An analysis about judging whether a car from auctions has issues by fitting multiple machine learning models based on R.
The purpose of this project is to learning the philosophy between cars tradings. It is a practise of employing machine learning methods.
The original data is collected from kaggle Don't get kicked!, which is the same as csv files in orinigal_data folder. The original kaggle test has already closed the evaluation access, thus there is no specific rank for this project.
Entity:
- Environment: R (R Markdown), Tableau
- Data resource: kaggle Don't get kicked!
- Models: classification tree model, Random Forest, XGBoost, support vector machine, neutral network
- Libraries: caret, randomForest, xgboost, nnet, pROC, etc.
- Other: PCA knowledge is also needed.
- Import all
.rmd
files and install libraries as needed.
The files is currently set to knit to word document.
In this project, data is first cleaned with preprocessing and feature selection methods, and second analyzed with multiple machine learning models, and then evaluated considering roc when applying different models.
-
Tree model
Five variables are chosen for classification tree model according to gini index.

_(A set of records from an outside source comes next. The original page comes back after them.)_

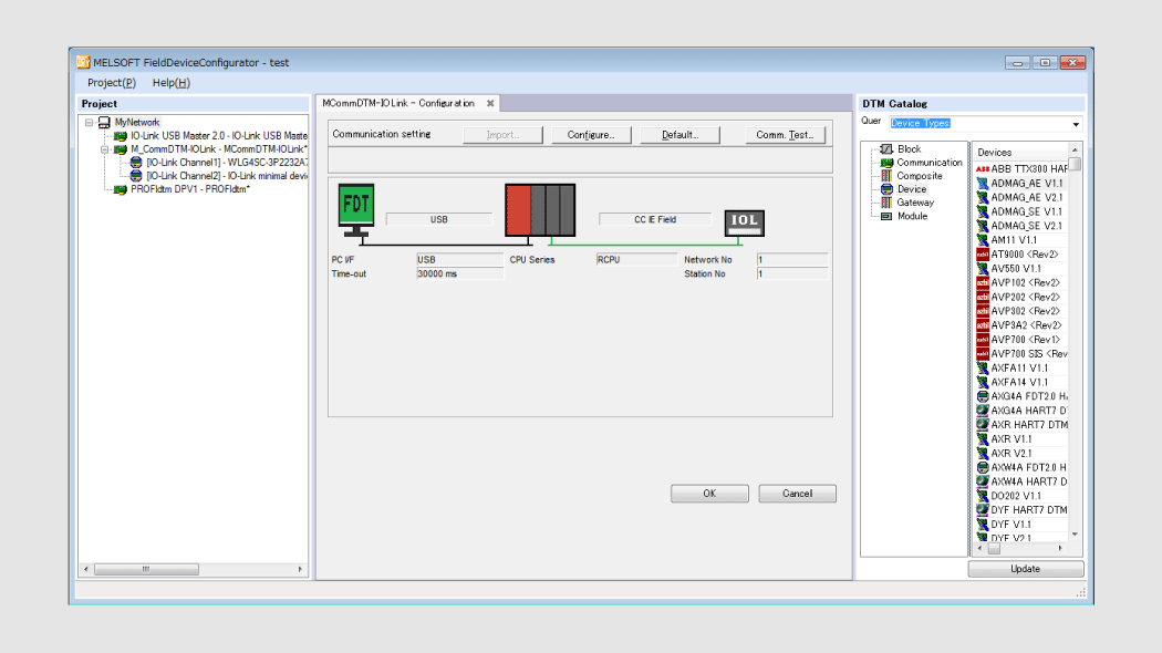 The MELSOFT FieldDeviceConfigurator software complies with the FDT/DTM open standards, so it can be incorporated in the Mitsubishi DTM as well as multi-network DTMs offered by other vendors.
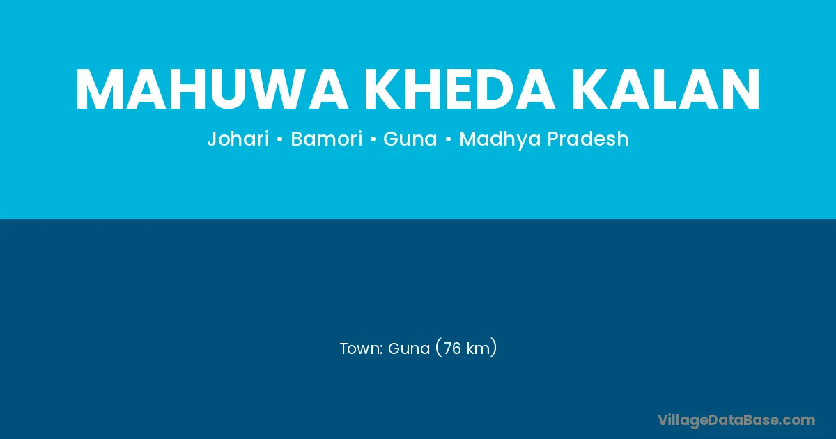 Guna (76 km) is the nearest town to Mahuwa Kheda Kalan village for major economic activities and is located approximately 76 km away.
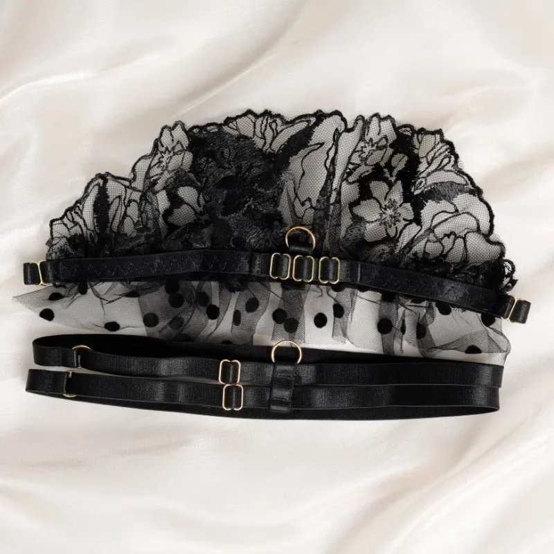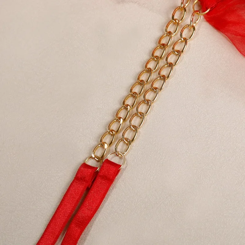 Tornova Sexy Lingerie Metal Chain Patchwork Lace Set For Women Mesh See-Through Embroidered Eyelash Lingerie Garters Sexy Set
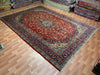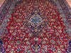This 9'9" × 13'10" hand-knotted wool rug is a magnificent Persian piece showcasing a deep red field with an intricate floral medallion. The navy border adds contrast and balance, framing the design beautifully. Ideal for large living rooms, dining spaces, or traditional interiors, this rug combines elegance, craftsmanship, and durability. Its fine wool pile ensures a soft feel underfoot and long-lasting quality.
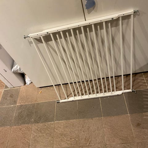 Barngrind/trappgrind i trä från Kaxholmens sängfabrik. Bredd 108 cm. Passar bra för öppning på 100 cm. Höjd 75 cm. Smidig att öppna och stänga. En traditionell trappgrind.
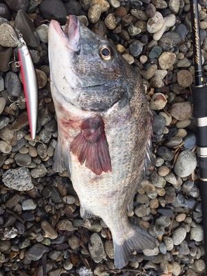 このクロダイも豪快な引きを楽しみながら難無くサーフにずり上げました。
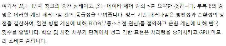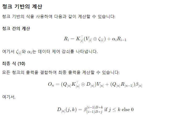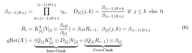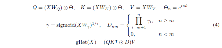 게이티드 유지(gRet, gRetNet 또는 RetNet-3라고도 함)는 데이터 의존 게이팅 메커니즘으로 유지 [SDH+23]를 강화하여 시퀀스 모델링을 위해 학습 병렬성, 좋은 성능 및 낮은 추론 비용을 동시에 달성합니다. 우리는 실험에서 기본 효율적인 자기 주의 모듈로 gRet을 사용합니다. 이 방법은 병렬, 순환 및 청크 기반 순환 계산 패러다임을 통합합니다. 이 세 가지 표현은 동등하며 동일한 계산 결과를 얻을 수 있습니다. 학습 과정에서는 보통 병렬 또는 청크 기반 순환 패러다임을 사용하며, 추론 단계에서는 일정한 KV 메모리를 위해 순환 패러다임을 사용할 수 있습니다. 세 가지 표현을 다음과 같이 설명합니다:
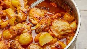 Ingredienti per 4 persone: Cosce di pollo 800 gr, Patate novelle 500 gr, 1 Cipolla, 1 Carota, 1 Costa di sedano, 100ml. di Vino bianco, 50ml. di Brodo, 2 foglie di Alloro, Timo q.b., Farnia, q.b., Olio extravergine di oliva q.b., Contentrato di pomodoro q.b., Sale q.b.
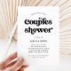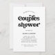 Este convite para chás de casais de casamento simples e preto-e-branco apresenta a tipografia retrô em um fundo branco.
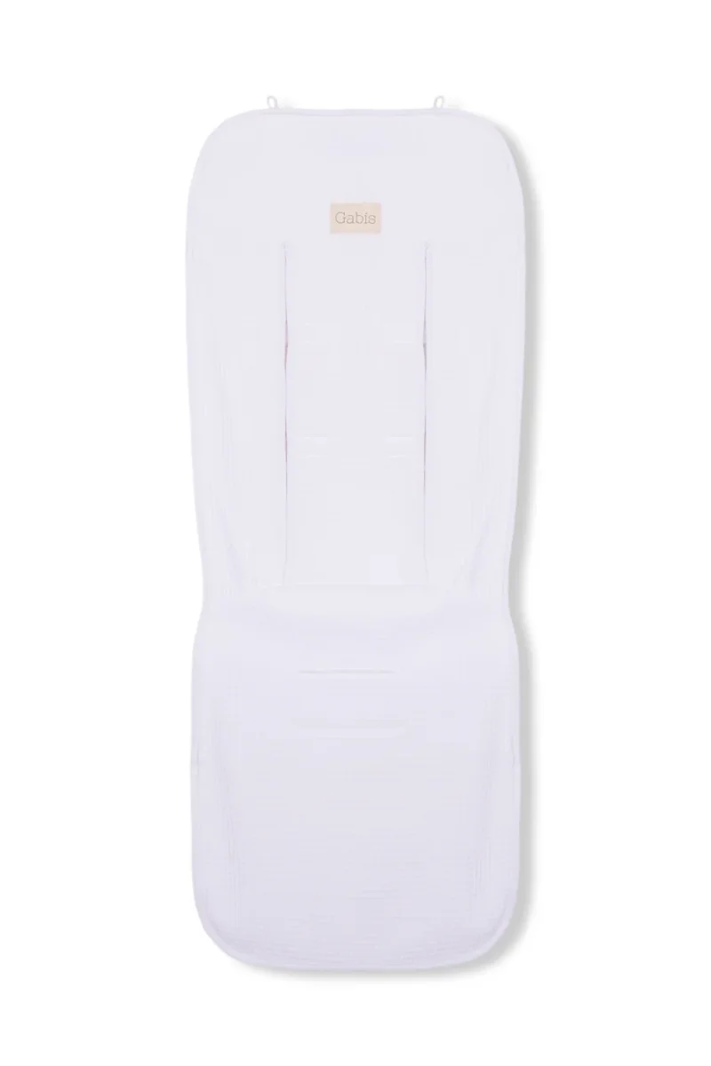 Funda para silla de paseo universal confeccionada en piqué blanco. Se adapta a una gran variedad de modelos de carritos gracias a su diseño con amplias aberturas para los tirantes.
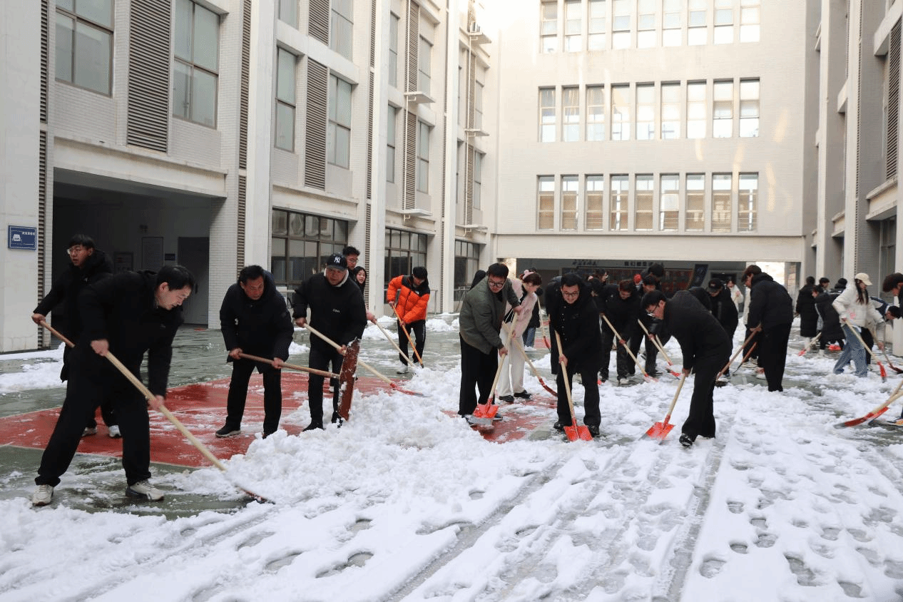 新学期新气象,2月25日,为保证开学第一天的教学活动正常进行,开云手机版登录入口领导班子成员、辅导员老师以及部分老师和主要学生干部,开展了扫雪除冰活动。
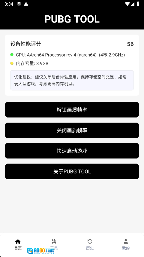 打开PUBG Tool后,PUBG Tool画质助手就处于开启状态了。
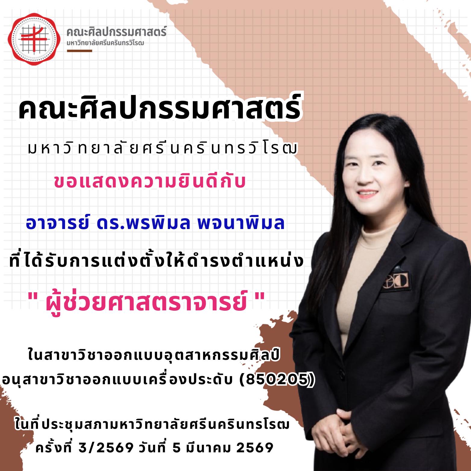 คณะศิลปกรรมศาสตร์ ขอแสดงความยินดีกับ อาจารย์ ดร.พรพิมล พจนาพิมล ภาควิชาการออกแบบทัศนศิลป์

After and additional cross-validation check, further improvement is made by changing model complexity to pruning the tree.
In terms of the auc and recall rate, the best current model is nnet, which gives a 59.48% recall rate, this is based on cutoff value where having the J statistic (Sensitivity+Specificity-1) maximal.
This is a group project for a course. My teammate Wendy, Nina, Andi and I worked together to accomplish this work.